カザフスタンの労働法を弁護士が解説

中央アジアの経済的中心地として急速な成長を遂げているカザフスタン共和国(以下、カザフスタン)は、豊富な天然資源と戦略的な地理的優位性を背景に、日本企業を含む多くの外資系企業から新たなビジネス展開の拠点として熱い視線を集めています。しかし、同国へ進出するにあたって経営者や法務部員が最も留意すべき重大な法務リスクの一つが、現地の労働法制への対応です。

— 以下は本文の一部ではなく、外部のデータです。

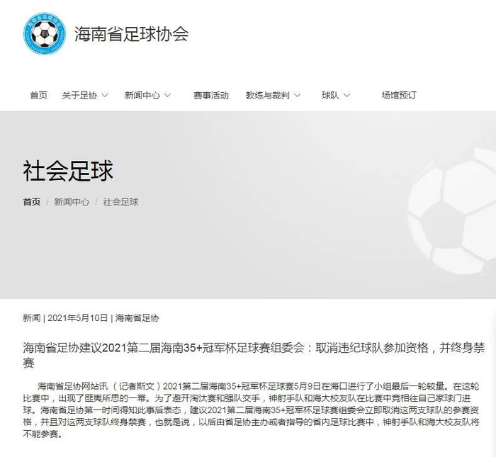 在得知此事后,海南省足协第一时间表态,建议2021第二届海南35+冠军杯足球赛组委会立即取消这两支球队的参赛资格,并且对这两支球队终身禁赛,也就是说,以后由省足协主办或者指导的省内足球比赛中,神射手队和海大校友队将不能参赛。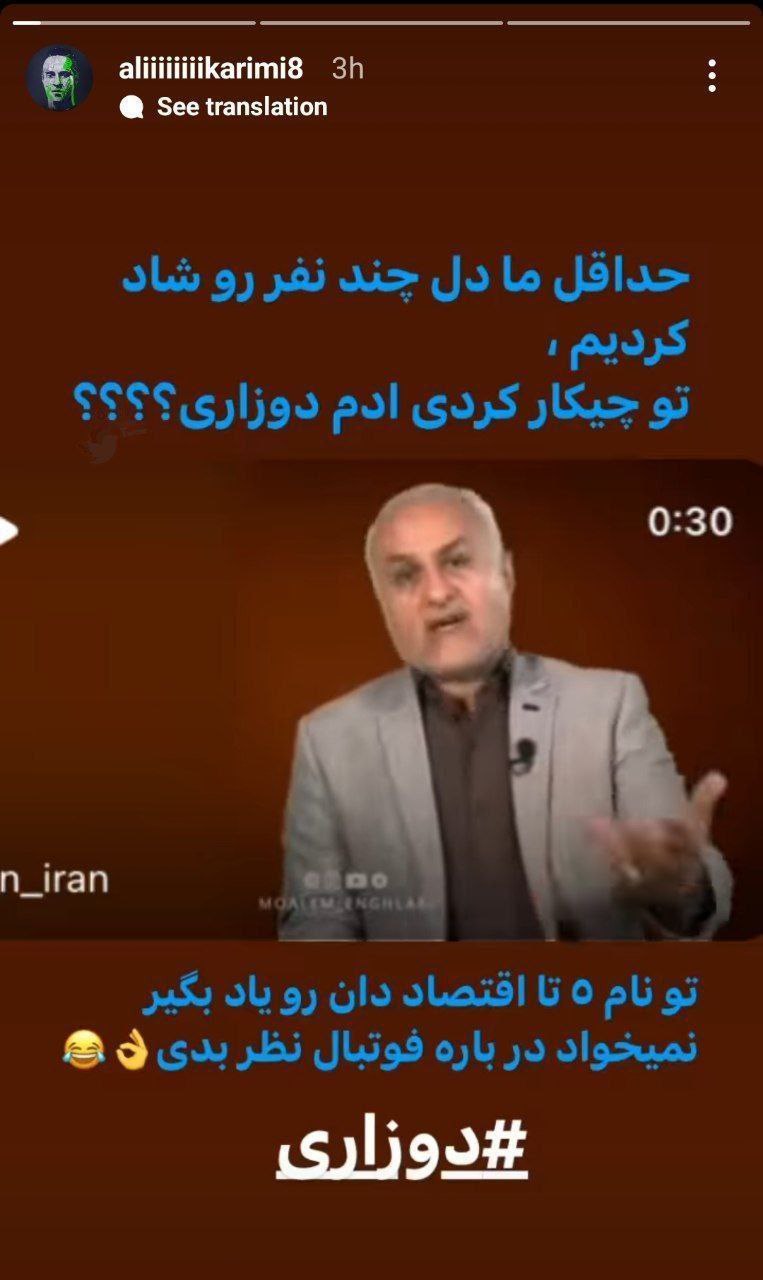 عکس استوری علی کریمی در واکنش به اظهارات جنجالی حسن عباسی درباره بازیکنان فوتبال که در اینستاگرام منتشر شده است را تماشا کنید.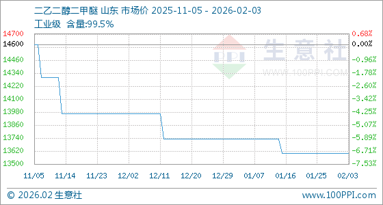 2月3日,生意社二乙二醇二甲醚基准价为13600.00元/吨,与本月初持平。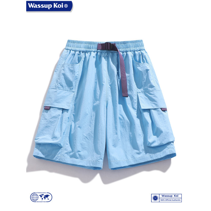 WASSUP KOI聯名冰絲工裝短褲男夏季多巴胺沙灘短褲薄款休閒五分褲

カザフスタンの労働法は、2015年に制定された「カザフスタン共和国労働法」(以下、労働法)を基本としており、労働者の権利保護を極めて強く重視した厳格な規定群によって構成されています。日本の労働法が判例法理や社会通念に基づく柔軟な解釈を一定程度許容しているのに対し、カザフスタンの労働法は手続きの形式的な適法性を強く要求する点に大きな特徴があります。
第一に、カザフスタンでは雇用契約の書面または電子署名による締結が厳格に義務付けられており、国家が運営するシステムへの期日内の登録が求められます。また、時間外労働(残業)の上限は月間わずか12時間と定められており、日本の一般的な水準と比較して極めて厳しい管理体制が敷かれています。
第二に、従業員の解雇や試用期間の運用に関しても、法定事由と厳密な書面通知の要件を満たさなければ直ちに不当解雇と判断されるリスクが伴います。特に有期雇用契約については「原則1年以上」「更新は最大2回まで」という強い制限が存在します。
第三に、2026年6月施行の最新の法改正によって「偽装請負」を排除する規制が強化され、民事契約であっても実態が労働関係を伴う場合は雇用契約とみなされる厳しい基準が導入されました。そして最後に、労働紛争が生じた際には裁判所への提訴前に社内の「調停委員会」での審理を経ることが法的に義務付けられており、最高裁判所の規範的決定でもその厳格な運用が支持されています。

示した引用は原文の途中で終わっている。